* Supplied data
"""
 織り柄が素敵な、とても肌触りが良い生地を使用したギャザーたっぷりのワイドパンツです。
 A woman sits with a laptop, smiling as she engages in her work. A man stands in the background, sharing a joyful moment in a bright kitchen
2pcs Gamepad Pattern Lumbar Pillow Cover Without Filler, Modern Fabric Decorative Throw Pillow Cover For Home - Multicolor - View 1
"""
"""
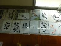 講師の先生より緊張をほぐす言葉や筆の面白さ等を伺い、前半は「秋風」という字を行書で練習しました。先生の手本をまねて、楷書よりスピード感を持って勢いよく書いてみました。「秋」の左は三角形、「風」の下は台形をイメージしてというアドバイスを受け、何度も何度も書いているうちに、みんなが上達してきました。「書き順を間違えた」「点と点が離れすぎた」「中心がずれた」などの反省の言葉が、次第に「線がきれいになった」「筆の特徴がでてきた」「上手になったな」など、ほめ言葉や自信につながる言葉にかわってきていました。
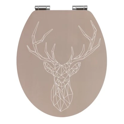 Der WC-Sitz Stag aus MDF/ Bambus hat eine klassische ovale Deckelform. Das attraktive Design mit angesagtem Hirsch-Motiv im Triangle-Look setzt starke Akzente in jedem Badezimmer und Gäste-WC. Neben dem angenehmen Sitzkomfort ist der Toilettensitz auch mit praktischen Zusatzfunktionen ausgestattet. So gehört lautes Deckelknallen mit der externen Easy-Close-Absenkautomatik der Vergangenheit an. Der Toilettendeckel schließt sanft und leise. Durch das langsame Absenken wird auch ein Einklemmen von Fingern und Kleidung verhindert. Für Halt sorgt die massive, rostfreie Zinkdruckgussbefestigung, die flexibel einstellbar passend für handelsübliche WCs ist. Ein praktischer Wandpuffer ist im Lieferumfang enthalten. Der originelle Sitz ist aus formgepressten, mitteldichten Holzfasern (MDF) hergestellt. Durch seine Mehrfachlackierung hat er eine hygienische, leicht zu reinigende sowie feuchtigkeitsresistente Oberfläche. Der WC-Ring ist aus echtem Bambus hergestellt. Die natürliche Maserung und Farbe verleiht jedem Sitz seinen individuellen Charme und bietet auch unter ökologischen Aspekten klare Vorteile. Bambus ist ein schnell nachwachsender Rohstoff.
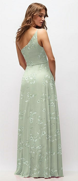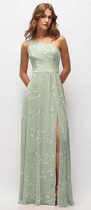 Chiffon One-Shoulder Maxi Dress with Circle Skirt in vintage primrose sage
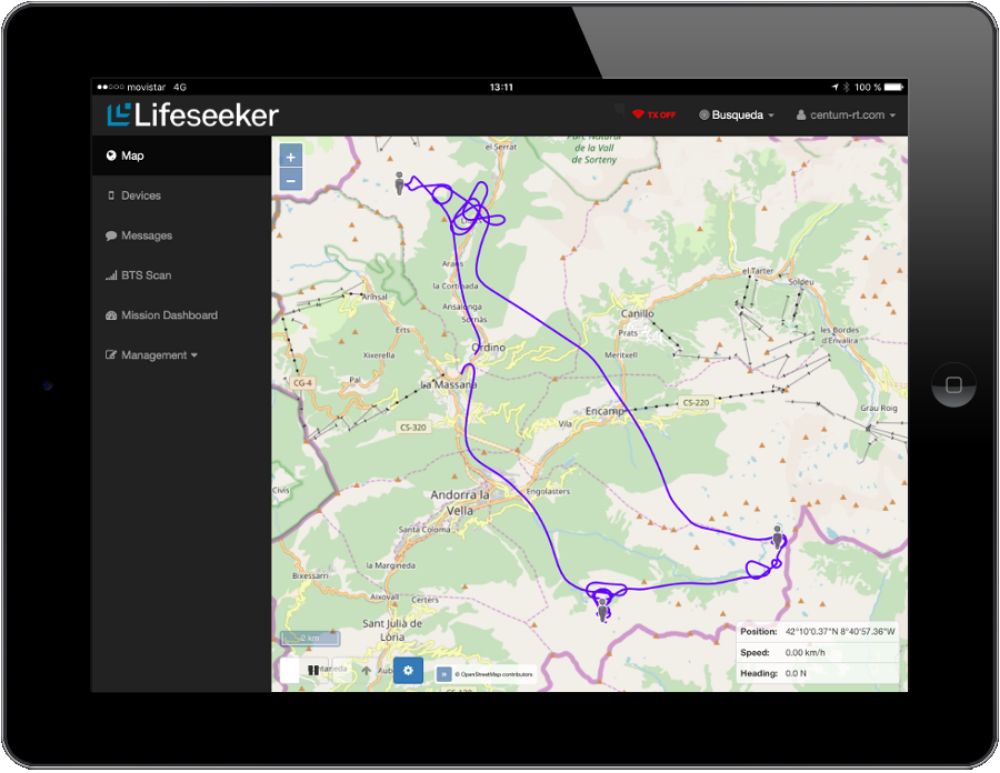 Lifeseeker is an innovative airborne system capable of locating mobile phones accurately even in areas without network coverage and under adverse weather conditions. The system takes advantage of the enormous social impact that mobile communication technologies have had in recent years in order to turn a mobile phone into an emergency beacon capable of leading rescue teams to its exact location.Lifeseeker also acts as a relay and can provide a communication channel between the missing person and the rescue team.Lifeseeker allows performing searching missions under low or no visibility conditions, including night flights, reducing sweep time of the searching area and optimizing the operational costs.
"""
* Exercise goal
Repeat, word for word, the lines above between the line holding "A woman sits" and the line holding "2pcs Gamepad Pattern", inclusive; omit everything else.

* Answer
 A woman sits with a laptop, smiling as she engages in her work. A man stands in the background, sharing a joyful moment in a bright kitchen
2pcs Gamepad Pattern Lumbar Pillow Cover Without Filler, Modern Fabric Decorative Throw Pillow Cover For Home - Multicolor - View 1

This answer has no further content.